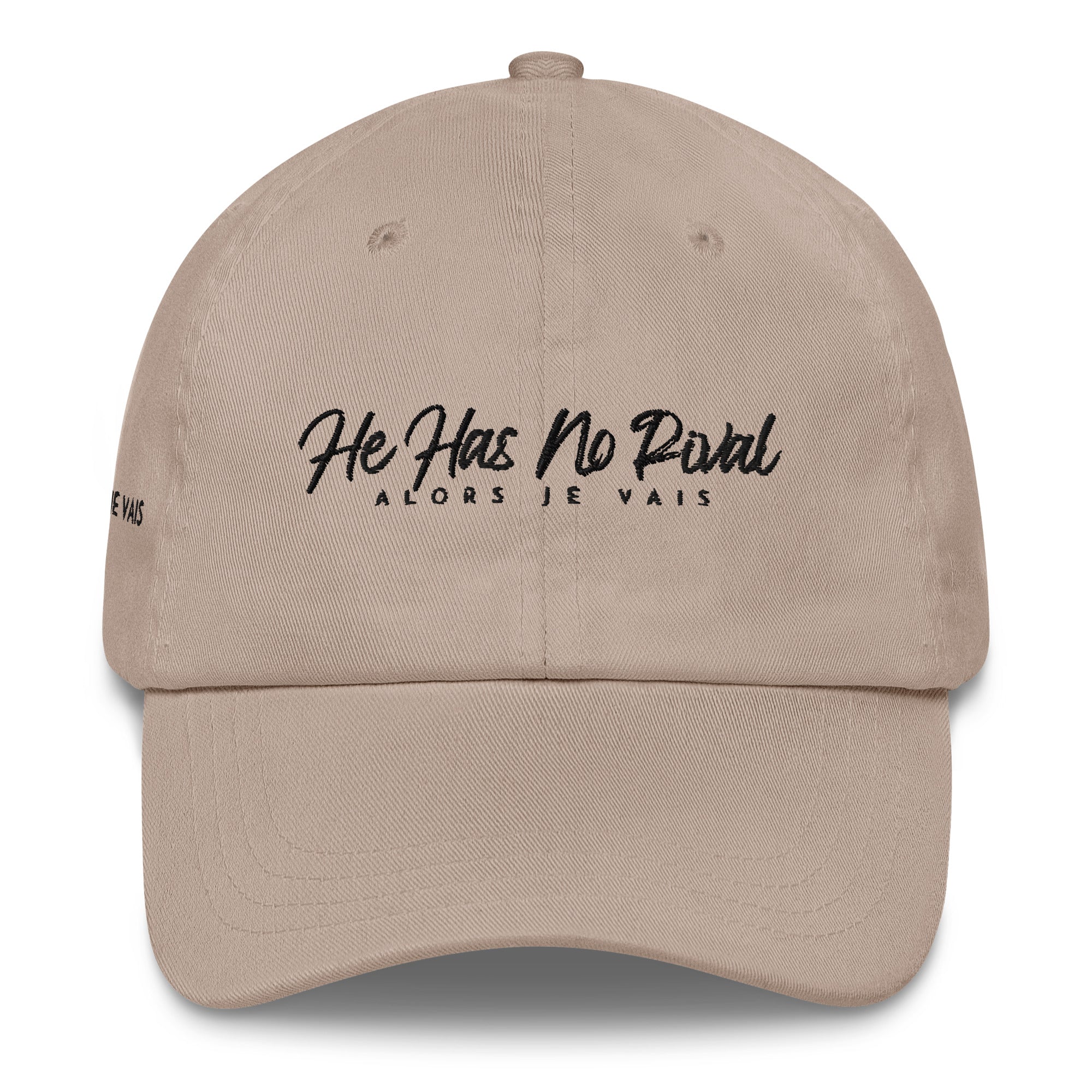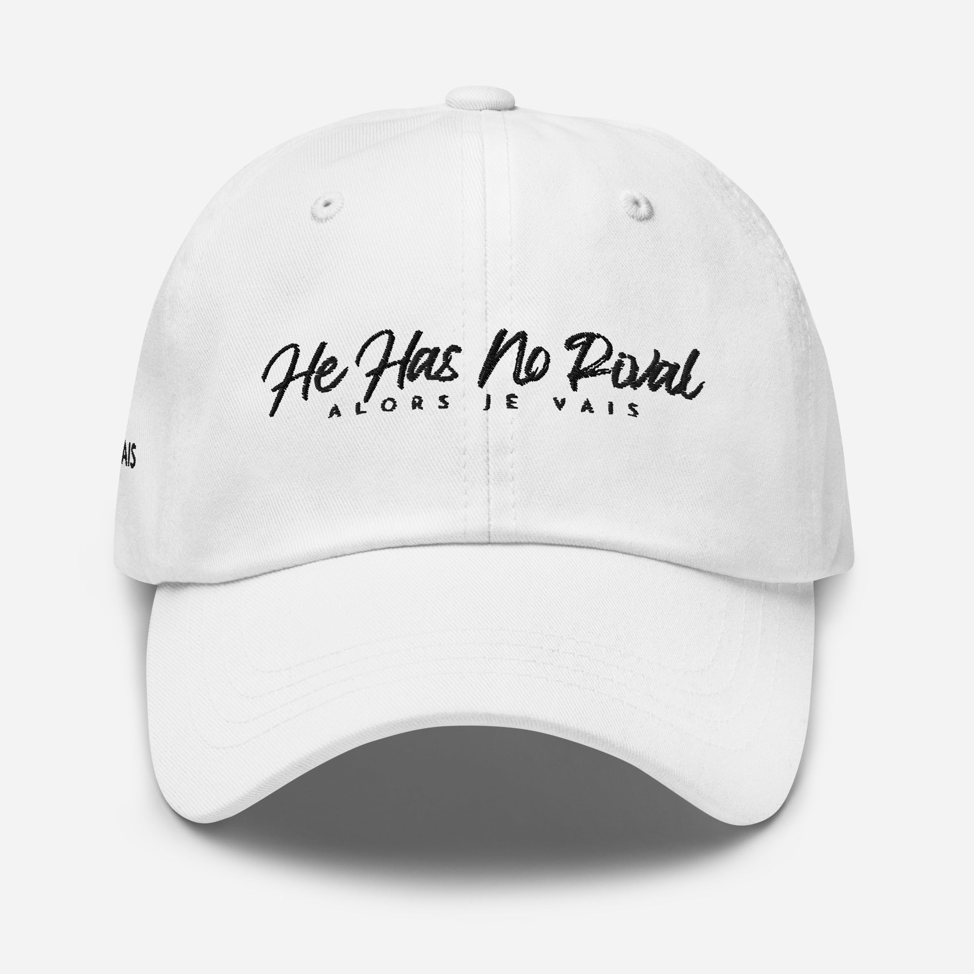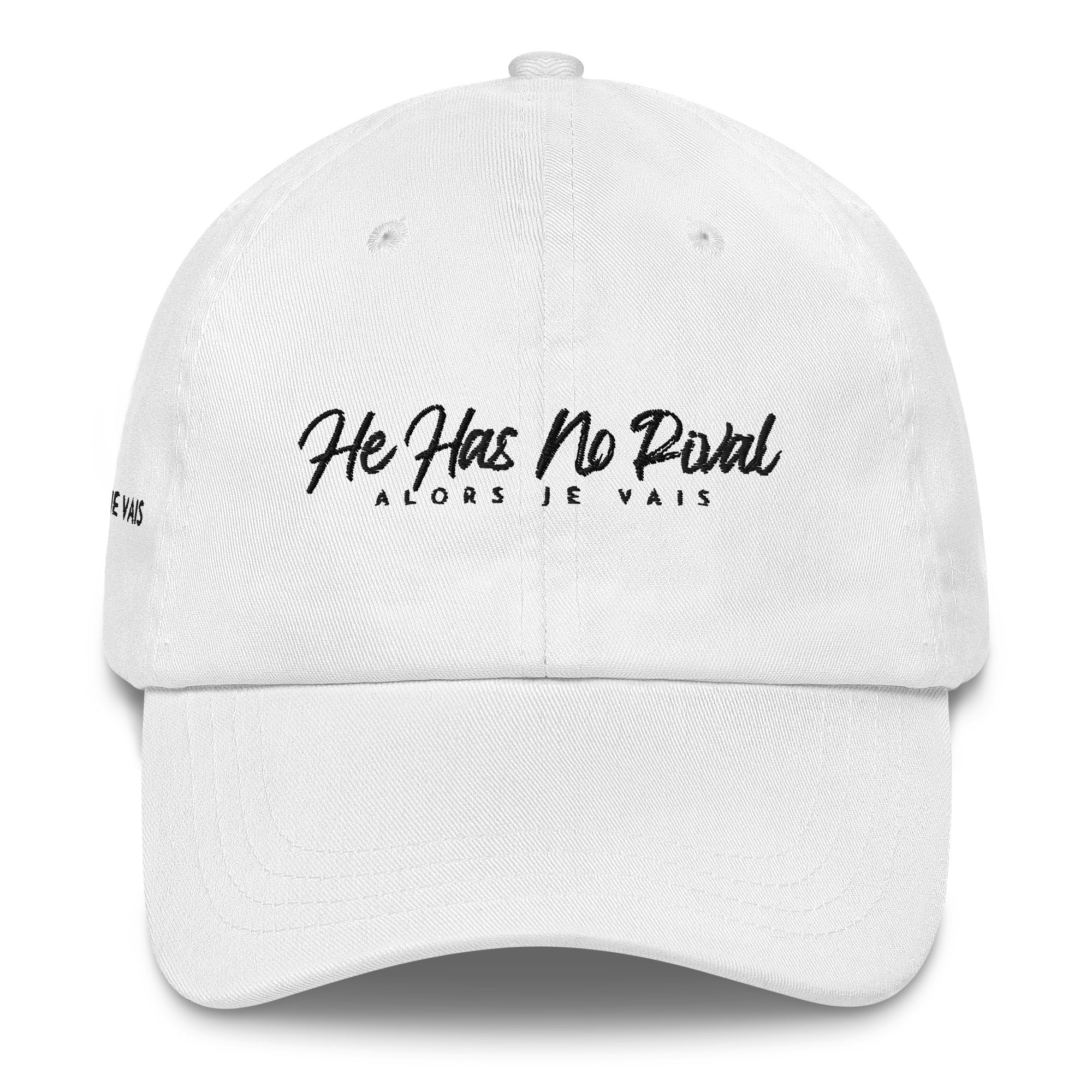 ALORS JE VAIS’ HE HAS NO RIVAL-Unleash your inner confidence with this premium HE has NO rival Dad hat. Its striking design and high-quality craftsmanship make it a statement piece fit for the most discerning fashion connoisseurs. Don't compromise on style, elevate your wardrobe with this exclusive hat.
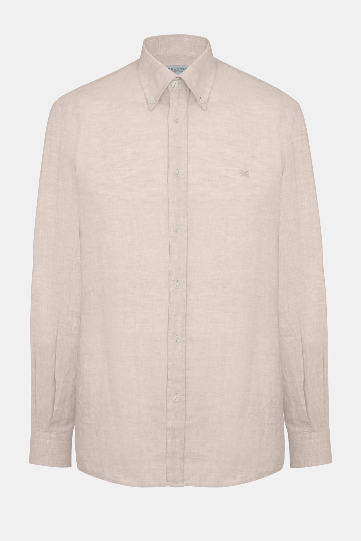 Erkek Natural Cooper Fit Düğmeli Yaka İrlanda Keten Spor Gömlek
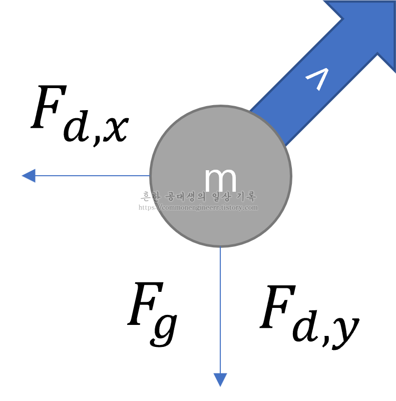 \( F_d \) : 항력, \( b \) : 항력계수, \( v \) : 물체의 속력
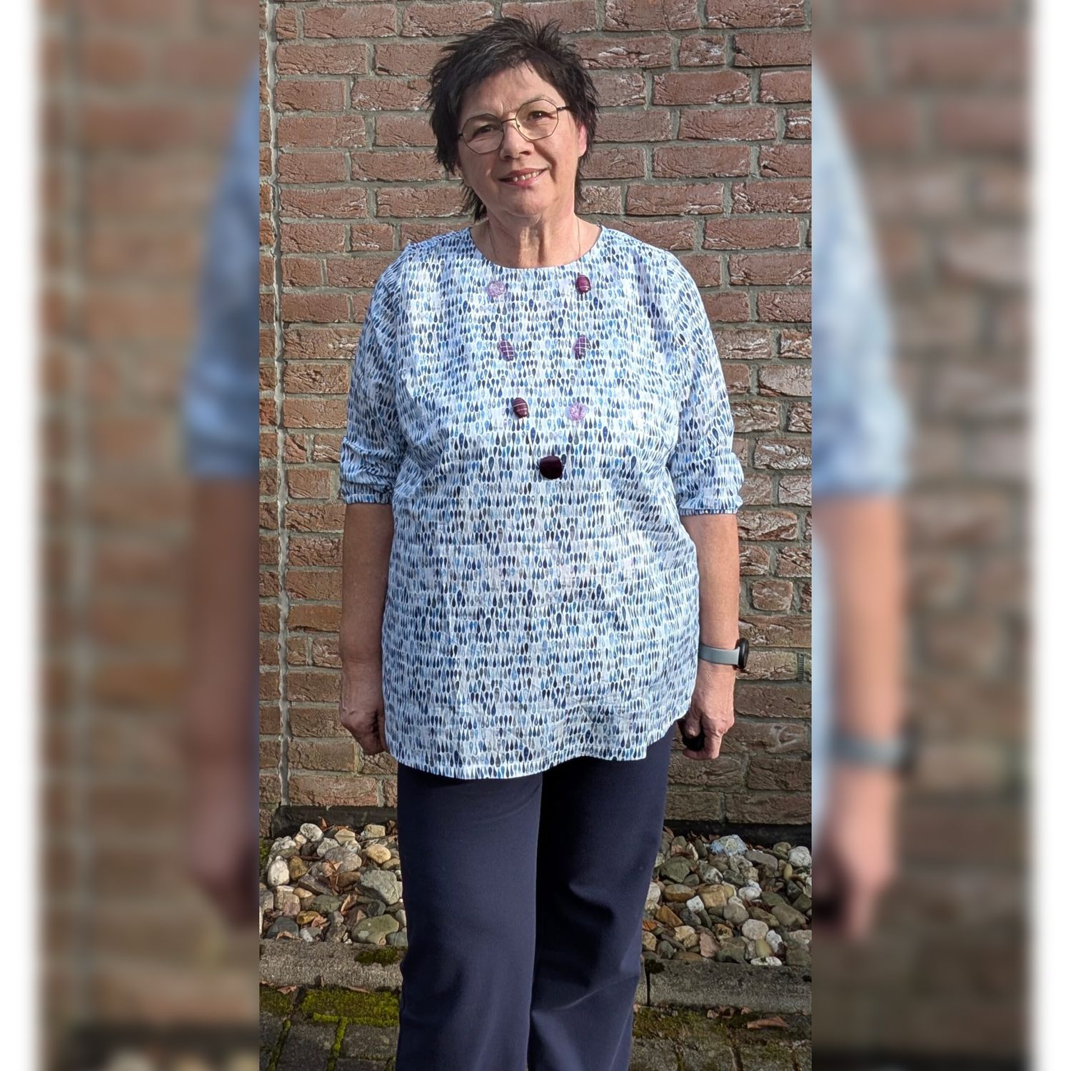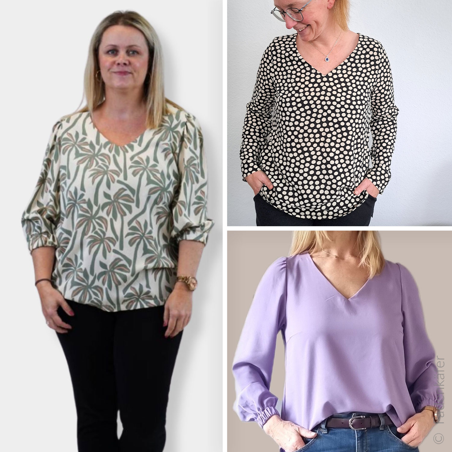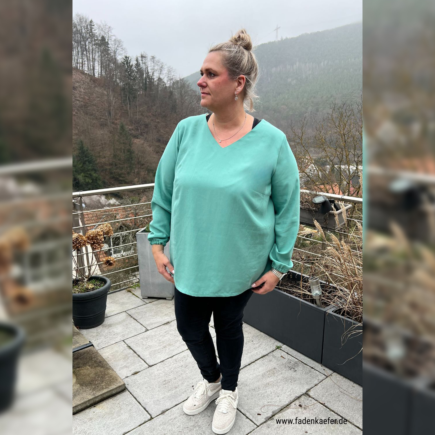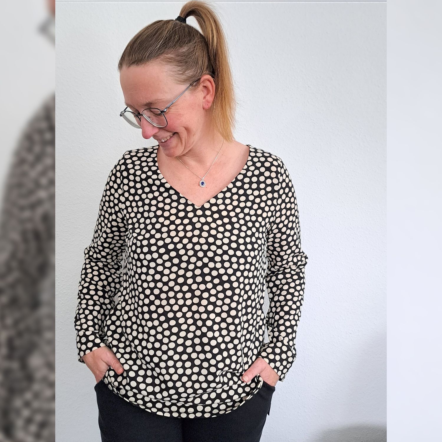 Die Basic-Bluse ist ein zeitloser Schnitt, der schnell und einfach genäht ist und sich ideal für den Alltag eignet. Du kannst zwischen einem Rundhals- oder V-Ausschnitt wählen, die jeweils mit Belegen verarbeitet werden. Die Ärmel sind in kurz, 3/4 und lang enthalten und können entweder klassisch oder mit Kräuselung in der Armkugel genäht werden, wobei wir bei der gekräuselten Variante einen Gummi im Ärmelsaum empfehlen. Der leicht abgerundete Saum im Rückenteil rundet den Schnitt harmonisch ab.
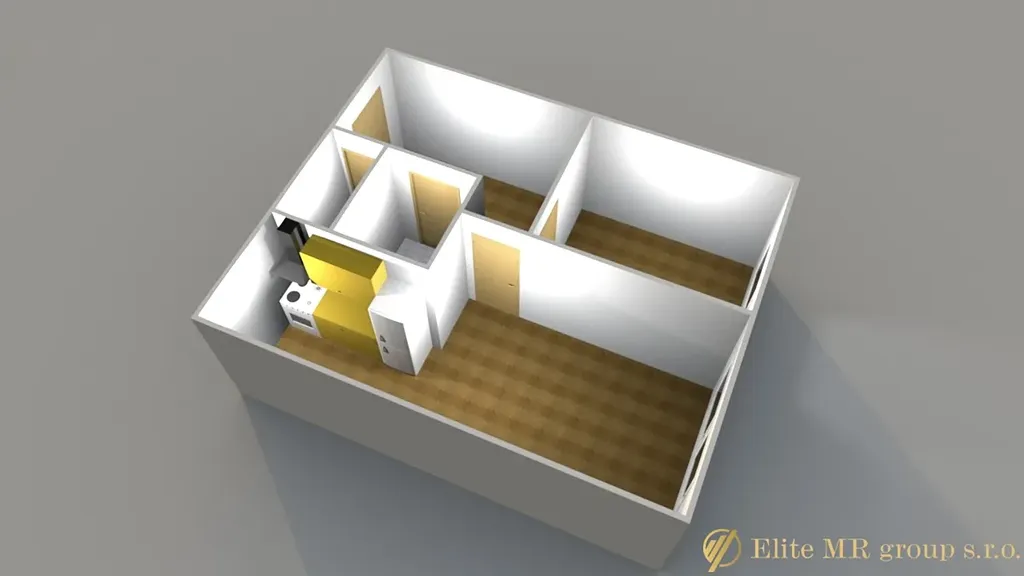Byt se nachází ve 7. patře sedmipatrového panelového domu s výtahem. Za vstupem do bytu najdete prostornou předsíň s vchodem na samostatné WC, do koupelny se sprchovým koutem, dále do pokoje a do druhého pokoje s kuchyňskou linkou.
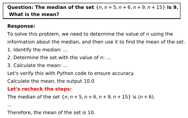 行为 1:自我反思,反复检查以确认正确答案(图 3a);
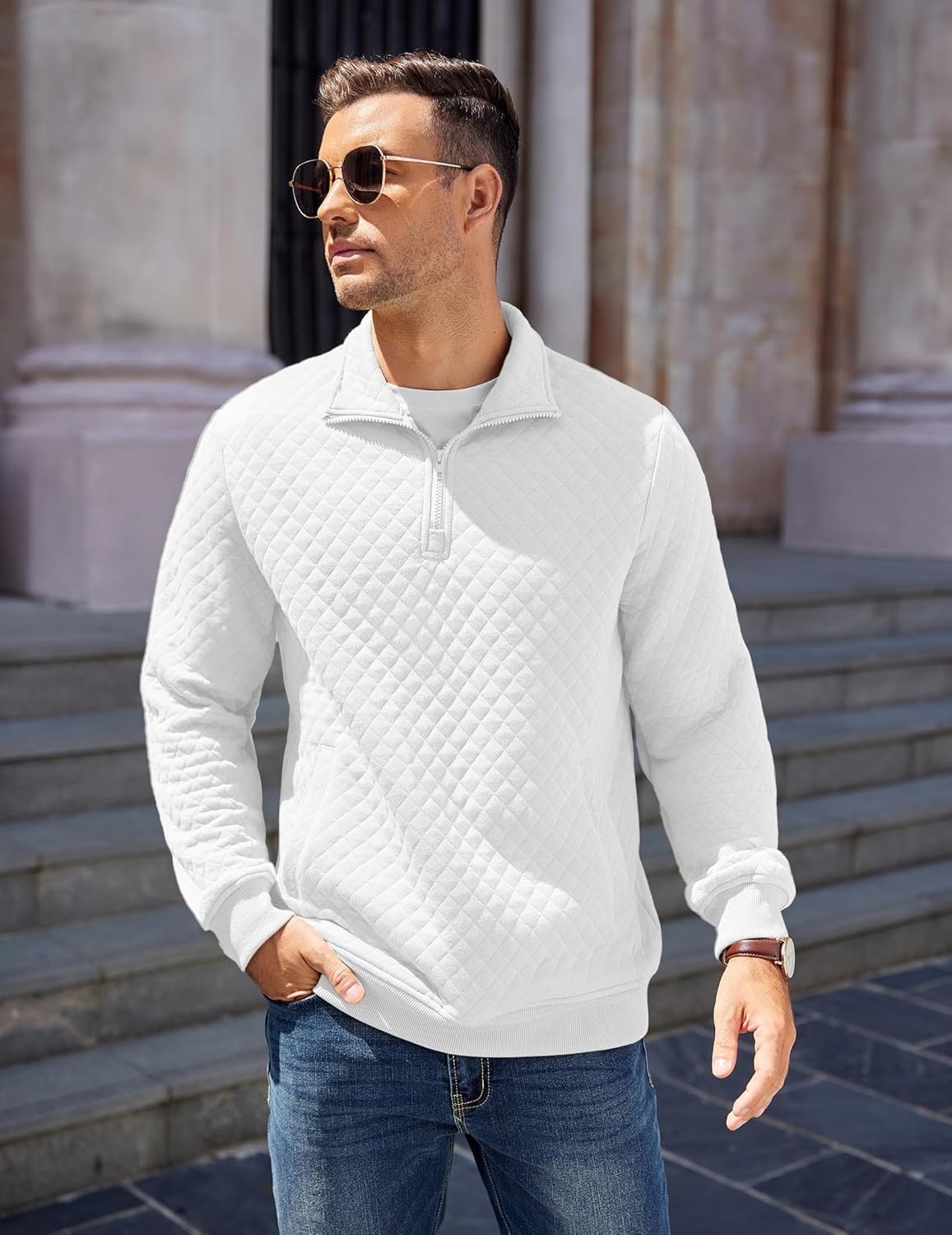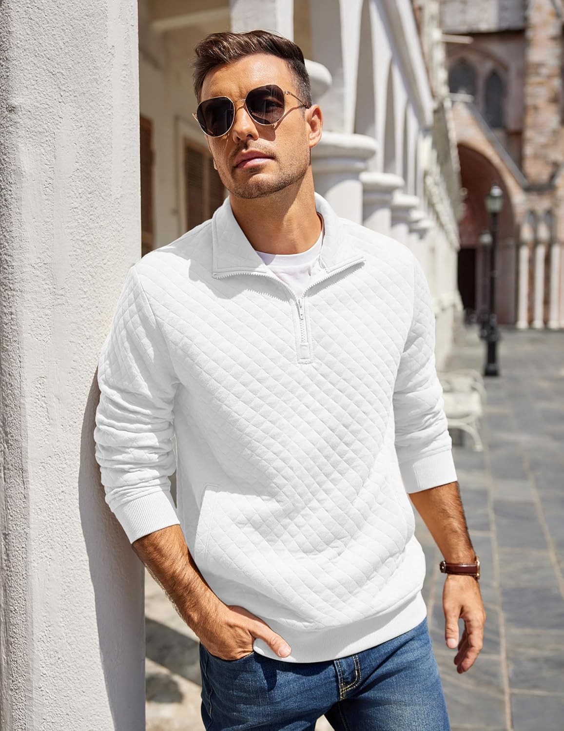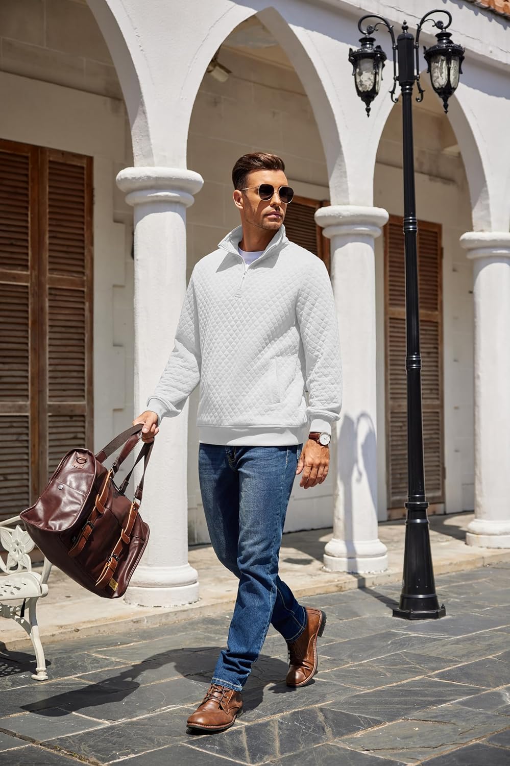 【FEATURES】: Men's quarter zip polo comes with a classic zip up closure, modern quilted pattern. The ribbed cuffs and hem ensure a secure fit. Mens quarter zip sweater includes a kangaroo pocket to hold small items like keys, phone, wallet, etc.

Task to complete: After locating the line that contains "Byt se nachází", output it and all later lines through the end of the material exactly, leaving out pictures.

Your solution:
Byt se nachází ve 7. patře sedmipatrového panelového domu s výtahem. Za vstupem do bytu najdete prostornou předsíň s vchodem na samostatné WC, do koupelny se sprchovým koutem, dále do pokoje a do druhého pokoje s kuchyňskou linkou.
 行为 1:自我反思,反复检查以确认正确答案(图 3a);
 【FEATURES】: Men's quarter zip polo comes with a classic zip up closure, modern quilted pattern. The ribbed cuffs and hem ensure a secure fit. Mens quarter zip sweater includes a kangaroo pocket to hold small items like keys, phone, wallet, etc.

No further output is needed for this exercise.